Measels pictureFrom January 1 to January 30, 2015, 102 people from 14 states were reported to have measles*. Most of these cases are part of a large, ongoing multi-state outbreak linked to an amusement park in California.

  • Measles is a highly contagious respiratory disease caused by a virus. It spreads through the air through coughing and sneezing.
  • Measles starts with a fever, runny nose, cough, red eyes, and sore throat, and is followed by a rash that spreads all over the body.
  • About three out of 10 people who get measles will develop one or more complications including pneumonia, ear infections, or diarrhea.
  • Complications are more common in adults and young children.
  • To date there are no known cases of measles in the state of Oklahoma. The last confirmed case was detected in 1997. However more than 100 people in 14 states have contracted measles linked to an exposure at Disneyland . Enclosed information is shared as a part of our efforts to keep you informed about best public health practice.

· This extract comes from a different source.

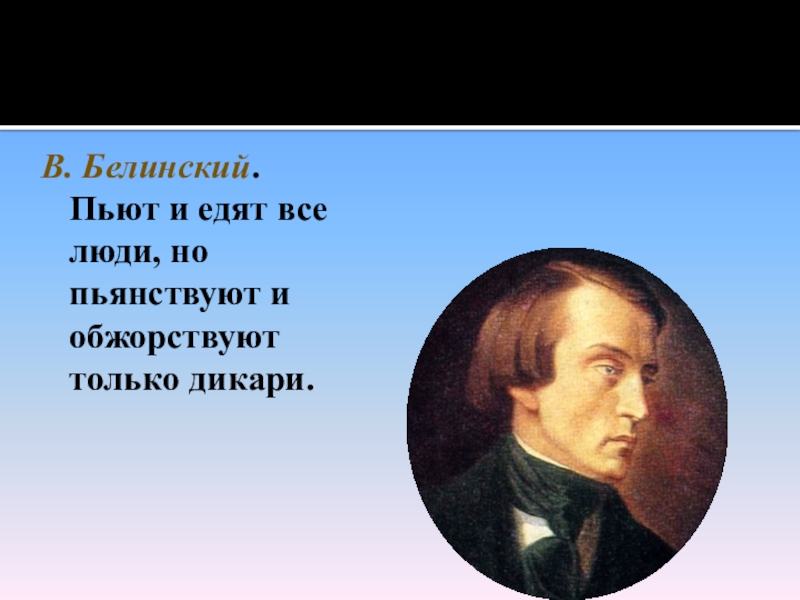 Слайд 15В. Белинский. Пьют и едят все люди, но пьянствуют и обжорствуют

Measles information for parents

Measles and the Vaccine (Shot) to Prevent It

The best way to protect against measles is to get the measles-mumps-rubella shot (called the MMR shot). Doctors recommend that all children get the MMR shot.

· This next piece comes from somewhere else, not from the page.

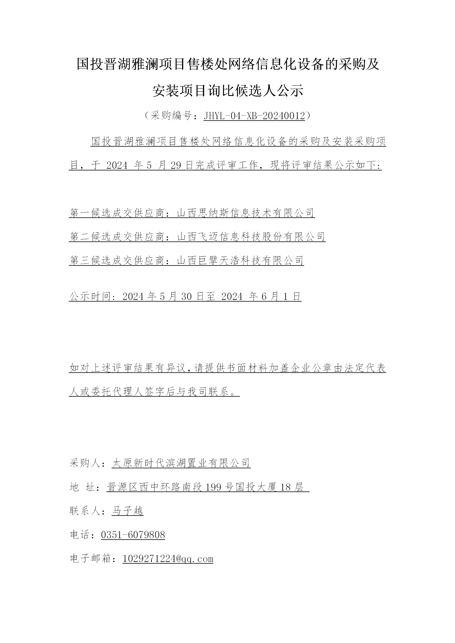 國投晉湖雅瀾項目售樓處網(wǎng)絡(luò)信息化設(shè)備的采購及安裝項目詢比候選人公示

Why should my child get the MMR shot?

The MMR shot:

  • Protects your child from measles, a potentially serious disease (and also protects against mumps and rubella)
  • Prevents your child from getting an uncomfortable rash and high fever from measles
  • Keeps your child from missing school or childcare (and keeps you from missing work to care for your sick child)

Is the MMR shot safe?

Yes. The MMR shot is very safe, and it is effective at preventing measles (as well as mumps and rubella). Vaccines, like any medicine, can have side effects. But most children who get the MMR shot have no side effects.

Is there a link between the MMR shot and autism?

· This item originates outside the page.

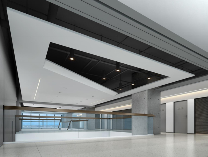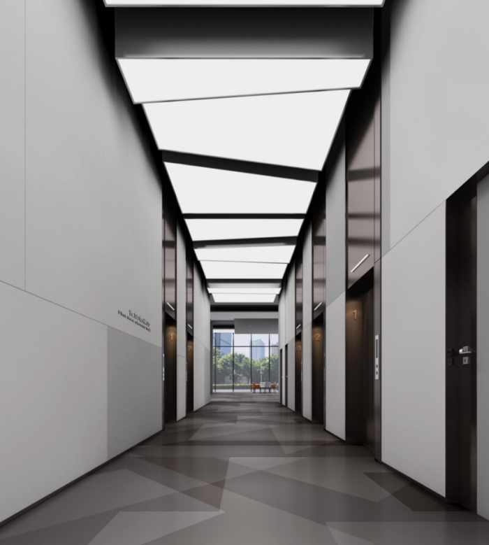 二層大廳:面向通高大廳的核心筒墻面,成為跨越多層的視覺中心。具有抽象浮雕藝術(shù)感的墻面,較好地凸顯了空間的可視性和美學(xué)深度。

No. Scientists in the United States and other countries have carefully studied the MMR shot. None has found a link between autism and the MMR shot.

What are the symptoms of measles?

Measles starts with a fever that can get very high. Some of the other symptoms that may occur are:

  • Cough, runny nose, and red eyes
  • Rash of tiny, red spots that start at the head and spread to the rest of the body
  • Diarrhea
  • Ear infection

Is it serious?

Measles can be dangerous, especially for babies and young children. From 2001-2013, 28% of children younger than 5 years old who had measles had to be treated in the hospital.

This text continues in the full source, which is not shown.